Introduction to nctoolkit

nctoolkit is a multi-purpose tool for analyzing and post-processing netCDF files. It is designed explicitly with climate change and oceanographic work in mind. Under the hood, it uses Climate Data Operators (CDO), but it operates as a stand-alone package with no knowledge of CDO being required to use it.

Let’s look at what it can do using a historical global dataset of sea surface temperature, which you learn about here.

Here we will use monthly average temperature for the years 1991-2020 and extract data using a thredds server.

The preferred way to import nctoolkit is:

import nctoolkit as nc

It lets you quickly visualize data

nctoolkit offers plotting functionality that will let you automatically plot data from almost any type of netCDF file. It’s as simple as the following, which calculates mean historical sea surface temperature and then plots it:

ds = nc.open_thredds("https://psl.noaa.gov/thredds/dodsC/Datasets/COBE2/sst.mon.ltm.1991-2020.nc")
ds.plot()
intro_plot1

It lets you easily subset data

If we want to look at a particular region, we can subset the data using the ‘subset’ method, and further select a particular year and month, we can do this as follows:

ds = nc.open_thredds("https://psl.noaa.gov/thredds/dodsC/Datasets/COBE2/sst.mon.ltm.1991-2020.nc")
ds.subset(month = 1, lon = [-13, 38], lat = [30, 67])
ds.plot()
intro_plot4

It lets you calculate temporal averages

nctoolkit features a suite of methods, beginning with the letter t, that let you calculate temporal statistics. For example, if we wanted to calculate a seasonal average, we could do this:

ds = nc.open_thredds("https://psl.noaa.gov/thredds/dodsC/Datasets/COBE2/sst.mon.ltm.1991-2020.nc")
ds.tmean("season")
ds.plot()
intro_plot6

It lets you calculate spatial averages

Calculating the spatial average of a variable is as simple as:

ds = nc.open_thredds("https://psl.noaa.gov/thredds/dodsC/Datasets/COBE2/sst.mon.ltm.1991-2020.nc")
ds.subset(variables = "sst")
ds.subset(lon = [-13, 38], lat = [30, 67])
ds.spatial_mean()
ds.plot()
intro_plot2

It lets you do mathematical operations

nctoolkit offers an ‘assign’ method for performing mathematical operations on variables.
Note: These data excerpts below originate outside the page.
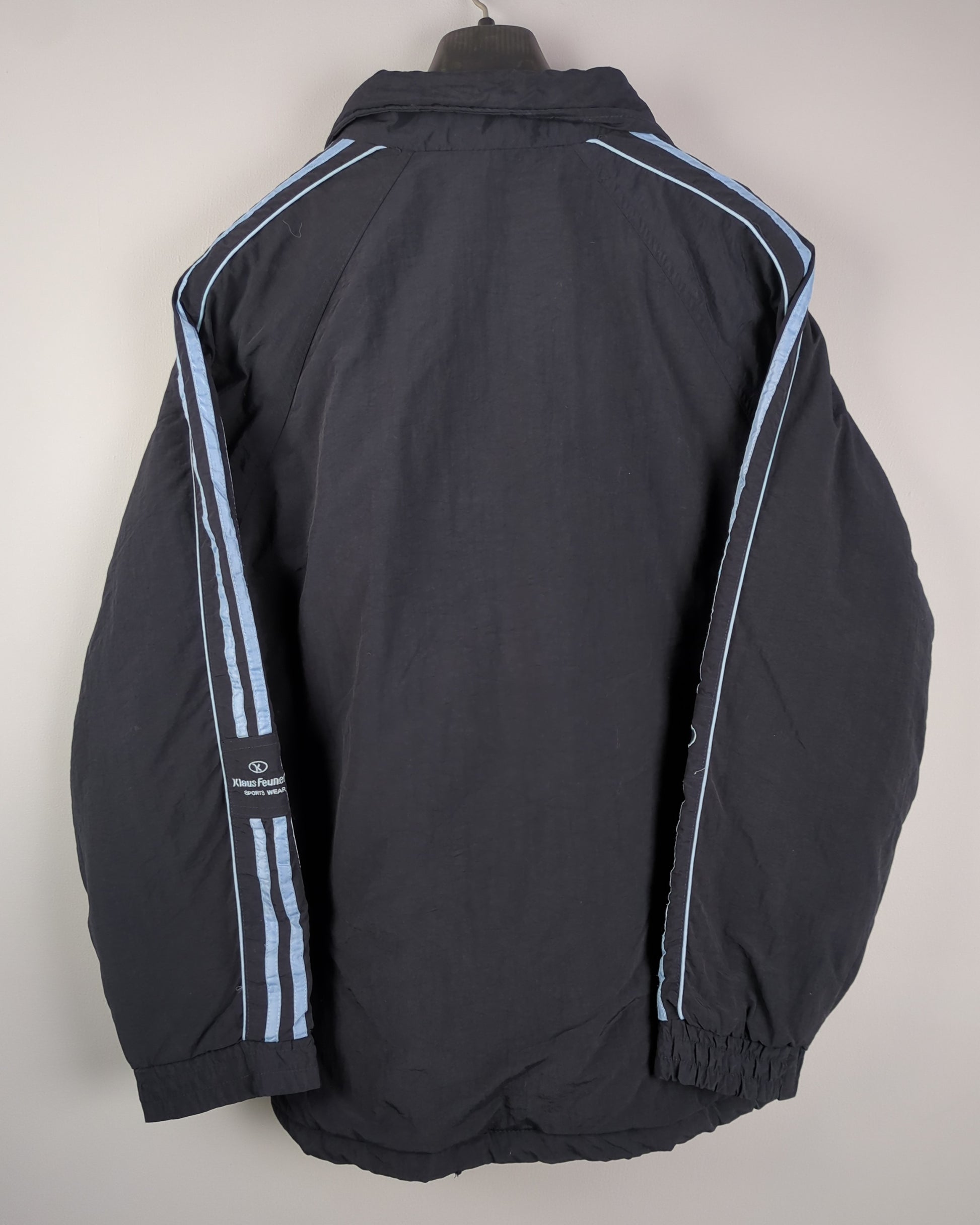 This zip-up sport jacket features a high collar and light blue triple stripes on the sleeves.
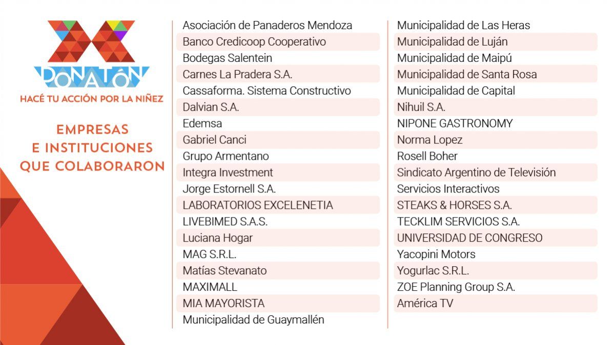 La mega acción solidaria que emprendió la Fundación Grupo América en alianza con la ONG internacional Aldeas Infantiles SOS organizadoras de la DONATÓN "Hacé tu acción por la niñez", logró recaudar $6.030.000 entre los aportes que efectuaron 37 empresas e instituciones y las micro donaciones de miles de mendocinos.
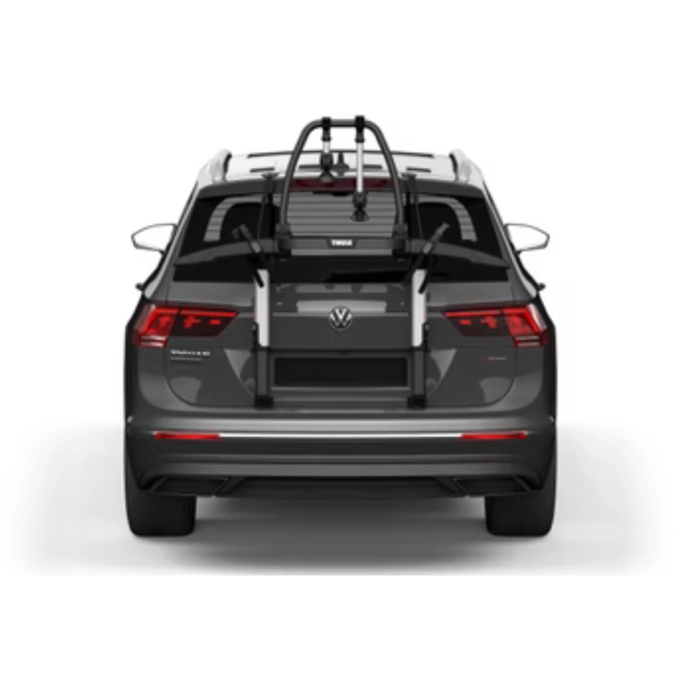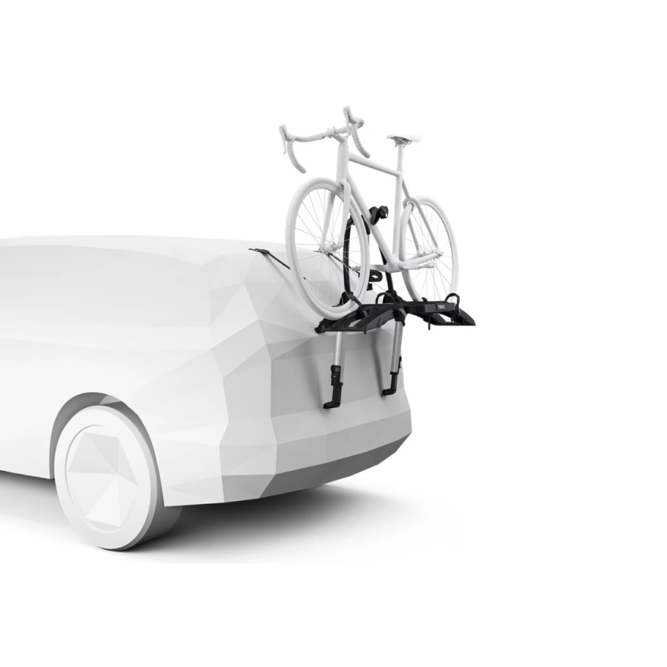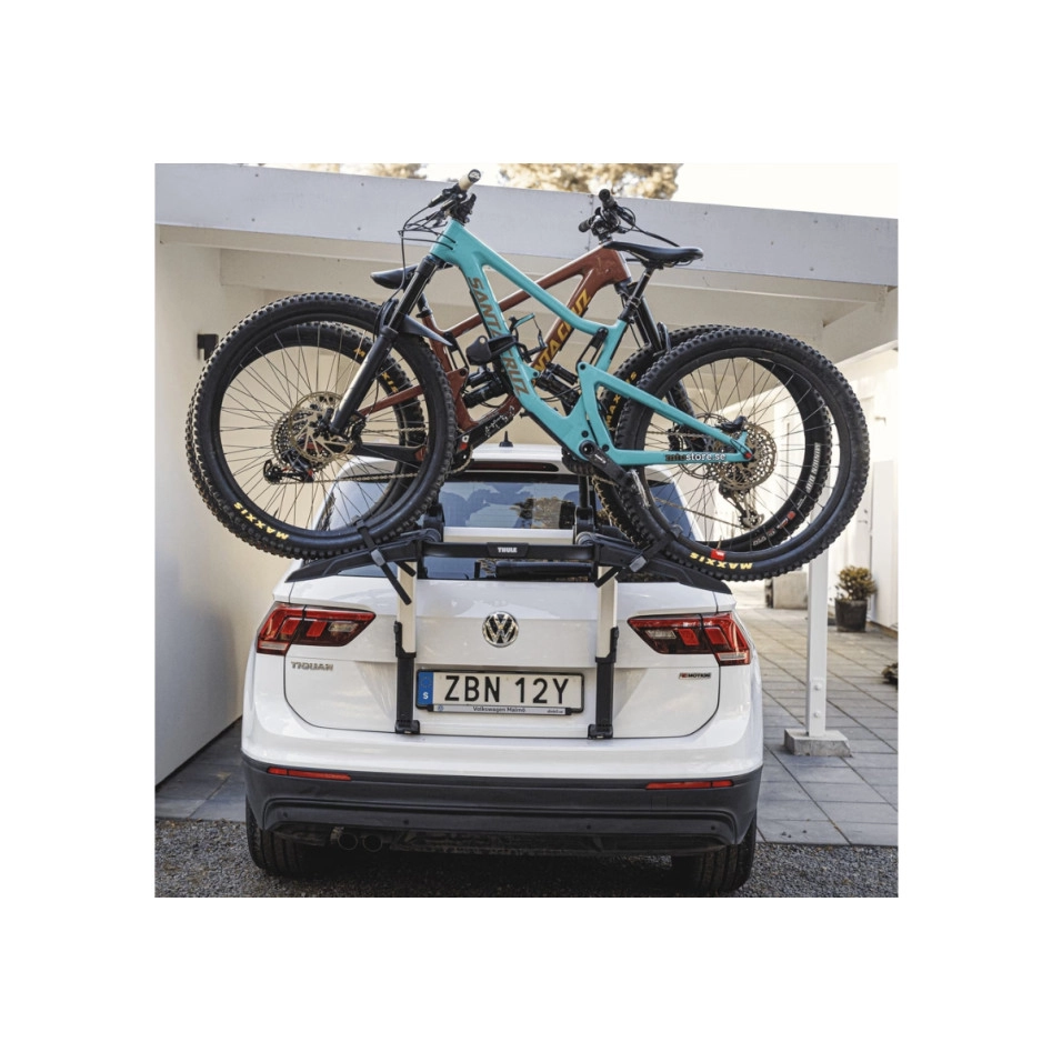 Suport per a bicicletes per a maleter amb plataforma elevada per partir amb tranquil·litat que manté els llums del darrere i la matrícula visibles. S´adapta al màxim als vehicles, inclosos els que tenen aleró, amb un disseny ajustable per adaptar-se a berlines, familiars, CUV i SUV. Màxima seguretat de subjecció al vehicle amb cables d'acer Muntatge ràpid i senzill al vehicle gràcies a una interfície d'usuari simple i un sistema de collament amb limitació de parell intuïtiu Subjecció ferma del suport i protecció del vehicle amb connexió de doble ganxo i coixinets de protecció de goma Muntatge senzill de les bicicletes mitjançant els braços de bicicleta ajustables/desmuntables i els poms del limitador de collament Thule AcuTight que fan clic quan s'aconsegueix el collament òptim S'ajusta a bicicletes amb una distància entre eixos de fins a 127 cm/50" Rodes fàcils de fixar gràcies a les corretges llargues amb sivelles d'obertura ràpida Bloqueja les bicicletes al portabicicletes i aquest al vehicle (panys inclosos) Es plega i queda pla per a un emmagatzematge i un transport senzills Es pot obrir el maleter del vehicle sense bicicletes muntades Els nostres panys i el nostre sistema amb pany redueixen el risc de robatori, però no garanteixen que es pugui evitar el risc de robatori del producte Aquest producte no té un ajustament universal. Utilitzeu la Guia del comprador de Thule per obtenir informació relacionada amb models específics d'automòbils |

This works in a way that will be familiar to users of Pandas. The method is illustrated below in a processing chain that works out how much warmer each part of the ocean is than the global mean.

ds = nc.open_thredds("https://psl.noaa.gov/thredds/dodsC/Datasets/COBE2/sst.mon.ltm.1991-2020.nc")
ds.tmean()
ds.assign(delta = lambda x: x.sst - spatial_mean(x.sst), drop = True)
ds.plot()
intro_plot3

It lets you regrid data

nctoolkit has built-in methods for regridding data to user-specified grids. One of the most useful is to_latlon. This let’s you regrid to a regular latlon grid. You just need to specify the extent of the new grid, the resolution and the regridding method.

ds = nc.open_thredds("https://psl.noaa.gov/thredds/dodsC/Datasets/COBE2/sst.mon.ltm.1991-2020.nc")
ds.to_latlon(lon = [-13, 38], lat = [30, 67], res = 1, method = "bil")
ds.plot()
intro_plot5

It lets you calculate zonal averages

It is easy to calculate zonal averages using nctoolkit using the zonal_mean method.

ds = nc.open_thredds("https://psl.noaa.gov/thredds/dodsC/Datasets/COBE2/sst.mon.ltm.1991-2020.nc")
ds.zonal_mean()
ds.plot()
intro_plot8